My New Neighbors


by John C. Westervelt


        Bob and Norma Kramer and I moved into Crestwood at Oklahoma Methodist Manor in June 2012. Bob and Norma live across the hall from me. Every time I passed these two, each had a smile, confirming for me that life is good.

        Early in 2013 I began to miss seeing Bob and Norma. Then I learned that Bob had been diagnosed with myasthenia gravis. One day in early March, Norma called to say, “I hate to leave Bob alone. Could you pick up my mail?”

        After that, each afternoon I called Norma and said, “I am going for my mail. May I get yours?” Her response was, “I would appreciate that so much.” Standing in the doorway each day, I learned something new.

        Norma grew up in Shawnee, Oklahoma. Her brother Winfred was fourteen years older, and Harrell was nine years older. She doesn’t remember her dad because he died when she was eighteen months old in the beginning days of the depression of the 1930’s. Her mom Bernice was educated to teach school but elected to get a year round job. She attended cosmetology school and opened a beauty parlor.

        The bungalow where Norma lived had a porch all across the front. A hydrangea at the side of the porch was as tall as the house. It had both blue and pink blossoms. Sitting in the breakfast nook surrounded with windows, Norma could look out on a backyard full of flowers. Along the side, honeysuckle overflowed the trellis.

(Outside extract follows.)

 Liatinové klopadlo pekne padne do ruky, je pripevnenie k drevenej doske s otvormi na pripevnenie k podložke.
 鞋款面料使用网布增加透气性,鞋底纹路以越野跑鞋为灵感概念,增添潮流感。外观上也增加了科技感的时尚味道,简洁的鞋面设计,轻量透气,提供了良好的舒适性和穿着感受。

Further back were stately, red and pink roses.

        Winfred was in love with Thelma, the daughter of a university professor in Shawnee. When Thelma’s dad moved to a university in Arkadelphia, AR, Winfred chose to go there for college. He was in ROTC. Harrell joined the Army Air Corp and was stationed at Hickam Field near Pearl Harbor, Hawaii.

        Norma was eleven-years-old on a peaceful Sunday afternoon on December 7, 1941. The word spread throughout Shawnee by radio and word of mouth that the Japanese had bombed Pearl Harbor and Hickam Field. Norma and her mom began hopefully praying that Harrell was safe. In a few days, Christmas packages came in the mail for Norma and her Mom from Harrell’s address in Hawaii. Hope surged until on that same day a man arrived at the door with a telegram reading, “We regret to inform you....”

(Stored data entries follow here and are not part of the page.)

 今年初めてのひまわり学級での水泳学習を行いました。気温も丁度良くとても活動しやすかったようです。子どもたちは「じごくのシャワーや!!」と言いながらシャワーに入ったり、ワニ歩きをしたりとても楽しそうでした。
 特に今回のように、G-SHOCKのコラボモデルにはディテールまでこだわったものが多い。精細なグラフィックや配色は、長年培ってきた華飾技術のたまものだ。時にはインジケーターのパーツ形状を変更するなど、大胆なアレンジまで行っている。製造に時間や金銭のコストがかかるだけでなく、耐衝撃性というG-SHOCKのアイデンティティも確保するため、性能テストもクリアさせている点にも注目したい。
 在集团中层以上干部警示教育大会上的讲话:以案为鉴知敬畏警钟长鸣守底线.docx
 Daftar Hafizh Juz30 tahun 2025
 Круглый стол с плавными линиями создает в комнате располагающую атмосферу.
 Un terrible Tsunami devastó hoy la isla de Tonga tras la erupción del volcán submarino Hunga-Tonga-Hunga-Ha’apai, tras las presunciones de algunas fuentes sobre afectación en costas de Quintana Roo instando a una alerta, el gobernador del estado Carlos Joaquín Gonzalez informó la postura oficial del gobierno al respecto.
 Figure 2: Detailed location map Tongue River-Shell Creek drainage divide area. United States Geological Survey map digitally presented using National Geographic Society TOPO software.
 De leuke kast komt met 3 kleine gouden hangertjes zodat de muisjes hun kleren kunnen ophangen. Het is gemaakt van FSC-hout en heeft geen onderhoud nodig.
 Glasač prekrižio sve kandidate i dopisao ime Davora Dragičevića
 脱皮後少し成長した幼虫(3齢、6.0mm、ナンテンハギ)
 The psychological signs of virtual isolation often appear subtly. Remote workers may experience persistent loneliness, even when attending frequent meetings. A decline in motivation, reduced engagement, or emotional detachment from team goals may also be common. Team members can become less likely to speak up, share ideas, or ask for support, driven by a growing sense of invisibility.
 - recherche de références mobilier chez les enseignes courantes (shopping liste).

        Winfred could have left the army since his brother was killed, but he chose to serve his country. By now Winfred and Thelma had a little boy and Thelma was pregnant. Winfred was on a training mission in Kansas when he was burned by an exploding flamethrower and later died. Four months later, a healthy baby girl was born without a daddy.

        Norma graduated from Shawnee high school and from Oklahoma University in 1952 with a degree in Speech Pathology. Norma’s first job was as a Speech Pathologist with the Oklahoma City Public Schools. She and her roommate had an apartment near the Oklahoma University Medical School.

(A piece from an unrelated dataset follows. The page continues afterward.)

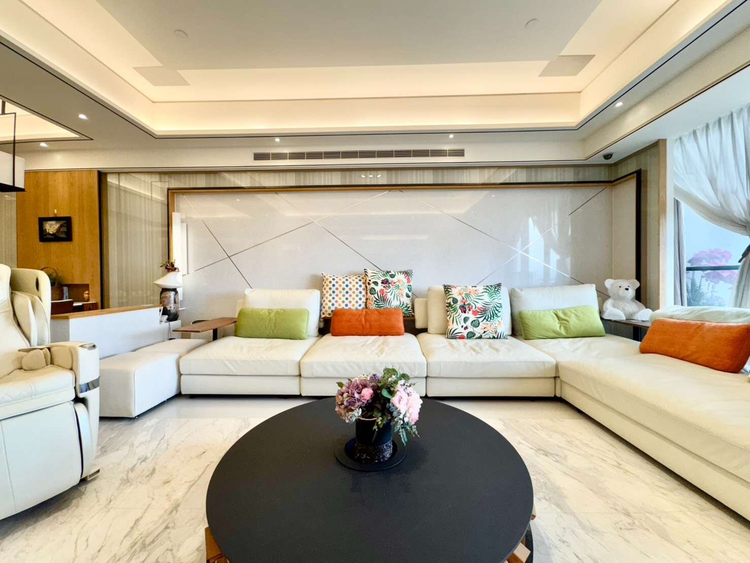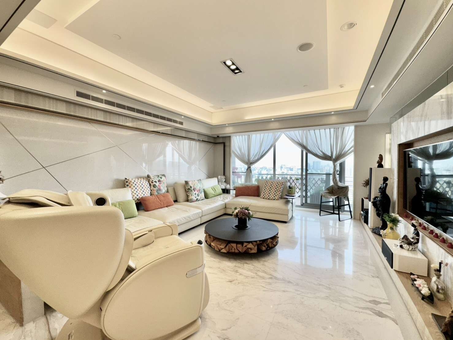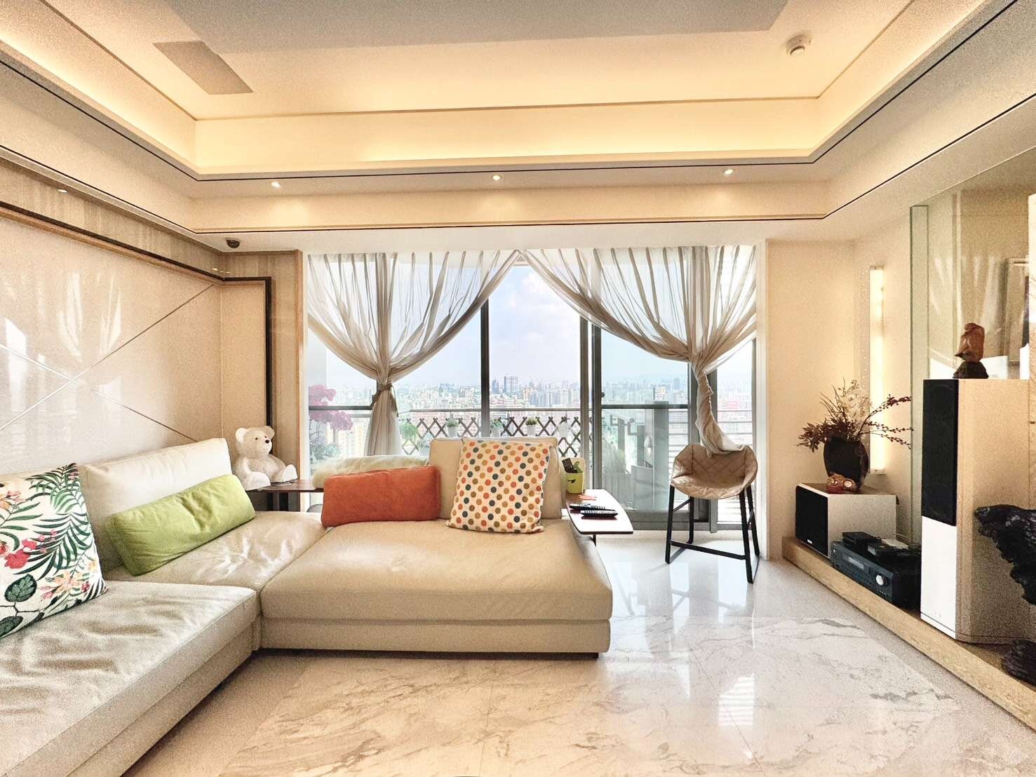 2. 稀有高樓層景觀 22樓四房大坪數,享有永久棟距與無遮蔽視野,白天俯瞰七期繁華,夜晚城市燈火一覽無遺。

        Bob Kramer (King Daze Class of ‘49 Tulsa Central high school - entered Oklahoma University Medical School after completing premed in three years. Bob met Norma, and in time they were married.

From their mid-town home, Bob had a short drive to the Utica Square Medical Building where he practiced as an ophthalmologist. Life was good all those years of raising a daughter and two sons and then the retirement years. Finally, they moved to Crestwood. No one expected myasthenia gravis. But since it happened, it is good to have the support of Oklahoma Methodist Manor.

        When I see Norma, she is smiling. I smile back. When we go our own way, I feel in my heart a tug of gratitude for her family’s sacrifice during World War II to protect my freedom.